Их любовь к букварю неистощима — они пробираются в одиночку или когда слепой ведет слепого, с тем же тропическим терпением, с каким они подходят ко всему. Капеллан организует школу, где вскоре будет учить их так регулярно, как только сможет. Но алфавит в лагере всегда должен быть второстепенным делом.

14 декабря.

Отрывки из молитв в лагере:

«Позволь мне жить так, чтобы, когда я умру, я обладал манерами, чтобы я знал, что сказать, когда увижу моего Небесного Господа».

«Позволь мне жить с мушкетом в одной руке и Библией в другой, чтобы, если я умру от дула мушкета, умру в воде, умру на суше, я знал, что держу благословенного Иисуса в руке и не ведаю страха».

«Я оставил жену в земле рабства; мои малыши говорят каждую ночь: "Где мой отец?" Но когда я умру, когда взойдет благословенное утро, когда я предстану во славе, одной ногой на воде и одной ногой на суше, тогда, о Господи, я увижу свою жену и своих малюток еще раз».

Эти фразы я записал, как мог, у мерцающего лагерного костра прошлой ночью. Этот же человек стал героем забавного небольшого конфуза на похоронах во второй половине дня. Это были наши первые похороны. Человек умер в госпитале, и мы выбрали живописное место захоронения над рекой, возле старой церкви и рядом с небольшим безымянным кладбищем, которым поколениями пользовались рабы. Это были настоящие воинские похороны: гроб был покрыт американским флагом, эскорт шел позади, а над могилой были даны три залпа. Во время службы пели, причем капеллан «диктовал» гимн их любимым способом. По окончании он объявил текст: «Этот нищий воззвал, и Господь услышал его, и спас от всех скорбей его». Мгновенно, к моему величайшему изумлению, трескучий голос запевалы возвысился, интонируя этот текст так, будто это был первый куплет другого гимна. До того спокойно это было проделано, до того невозмутимы были все черные лица, что я едва начал предполагать, будто сам капеллан задумывал это как гимн, хотя я не мог вообразить никакой будущей рифмы к слову «скорби», разве что ей приближался бы «дьявол», к которому действительно так любят ссылаться и мужчины, и его преподобие. Но капеллан, мирно ожидая, мягко повторил свой текст после песнопения, и к моему великому облегчению старый запевала отказался от дальнейшего речитатива и позволил погребальной речи продолжиться.

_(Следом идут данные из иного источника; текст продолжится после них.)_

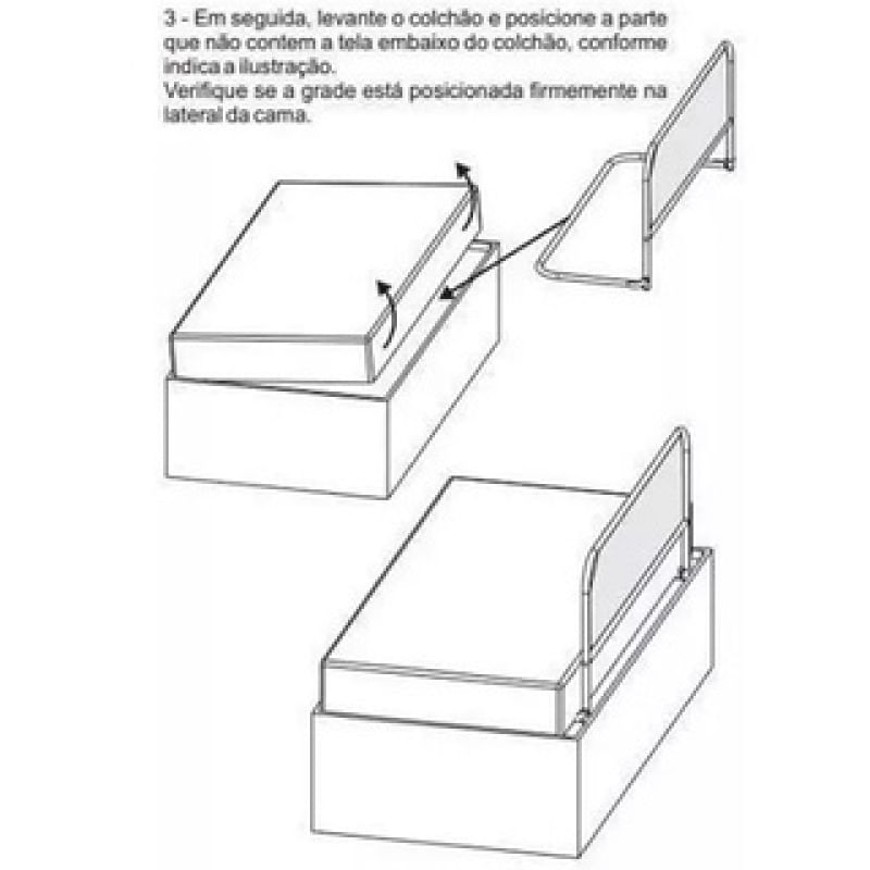 Agora proteger sua criança ficou muito mais fácil, poupando você de preocupação. Desenvolvido para garantir maior segurança, perfeito para impedir que seu filho (a) ou Idoso caiam da cama, além de ser muito mais fácil manusear pois não precisa furar para instalar, basta colocar a base inferior em baixo do colchão e a grade ficará fixa em segurança além disso é leve e prática para transportar. - Estrutura em aço de tubo 5/8 com acabamento em pintura epóxi e cura a 220º - Serve para colchões de 10 cm a 25 cm - Revestida com tela 100% Poliéster - Estrutura Dobrável de fácil Instalação - Fácil de Limpar - Não ocupa Espaço Medidas: - Comprimento: 87cm - Altura Total: 41cm - Altura da parte com a tela: 25cm - Largura(base de ferro que fica em baixo do colchão): 30cm - Cor: Branca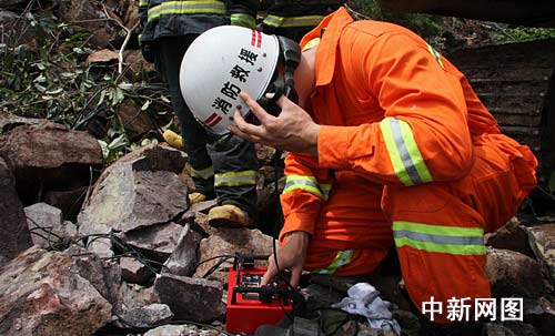 由于上萬方山石堆積,救援工作一直持續(xù)。為了確認廢墟下是否有被困人員,紹興市消防支隊啟用了音頻生命探測儀,兩名特勤消防隊員冒著再次塌方的危險深入現(xiàn)場探測生命跡象,經(jīng)過半個多小時的現(xiàn)場探測,未發(fā)現(xiàn)有生命跡象。

Их воспоминания представляют собой огромный запутанный хаос еврейской истории и биографий; и большинство великих событий прошлого, вплоть до периода американской революции, они инстинктивно приписывают Моисею. Тем не менее во всех их цитатах чувствуется прекрасная смелая уверенность, и запись никогда не теряет пикантности в их устах, хотя от этого может пострадать строгая точность. Так, в прошлое воскресенье один из моих капитанов услышал, как чернокожий проповедник в Бофорте провозгласил: «Павел может сажать, и поливать водой, да только толку не будет», в коем святого Аполлоса едва ли узнал бы он сам.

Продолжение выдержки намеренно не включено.